Israeli archaeologists in Jerusalem's Old City on Monday unveiled a newly unearthed section of the Western Wall and the first Roman public structure ever discovered in the city, they said.
Archaeologist Joe Uziel said he and his colleagues knew the wall section was there and had expected to find a Roman street at its base.
"But as we excavated and excavated we realised we weren't getting to the street. Instead we have this circular building," he told reporters in English at the underground site.
"Basically we realised that we were excavating a theatre-like (Roman) structure."
He said that carbon-14 and other dating methods indicated it came from the second or third centuries AD and appeared to be unfinished.
The Israel Antiquities Authority (IAA), which conducted the two-year dig, said that historical sources mentioned such structures but in 150 years of modern archaeological research in the city none had been found.
The section of the 2,000-year-old Western Wall uncovered by the diggers is about 15 metres (yards) in width and eight metres high, with the stones very well preserved.

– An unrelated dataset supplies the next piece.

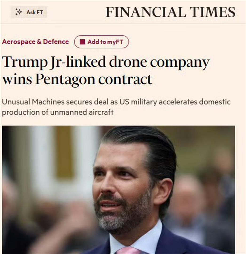 全世界最黑,却又最安全的职业——老美的史密斯专员。 1、15美元的“黑鹰”屏幕控制旋钮。 ​2、义乌小商品一袋不用100元人民币的螺丝,采购价9万刀。 3、一个淘宝几百块人民币的咖啡壶,采购价十几万刀。 4、PDD砍一刀后几百块的马桶,采购价160万刀 看到这些震惊不?最不可思议的是没有人需要为这些事情负责,史密斯专员却一个个赚得腰包鼓鼓。 你以为老美为啥这么爱打仗,这不大炮一响,黄金亿万两啊!这么安全、高效的来钱方式,谁不爱呢! 打的时候搜刮一番,又能卖武器赚一笔,还能在生产武器的时候再赚一笔,一箭三雕啊!换谁来,谁都乐意来! 你看看,老特大儿子这不就中标了一大大合同了吗?一个史上最大规模的无人机零部件合同,而这只是一家名不见经传的初创小公司。

It had been buried under eight metres of earth for 1,700 years, the IAA said.
The Western Wall is the last remnant of the retaining structures which surrounded the second Jewish temple until its destruction by the Romans in 70 AD.
It is the holiest site where Jews are permitted to pray.
Previously, the last section to be exposed was in 2007, IAA chief Jerusalem architect Yuval Baruch said.
"Exposing parts of the Western Wall is of course extremely, extremely, extremely exciting, but the structure we are looking at right now we had no idea would be here," Uziel said, pointing to the 200-seat auditorium.
"It's probably the most important archaeological site in the country, the first public structures from the Roman period of Jerusalem," Baruch said.
Uziel said it was unclear if the building had been a meeting chamber for Roman administrative officials or a concert venue.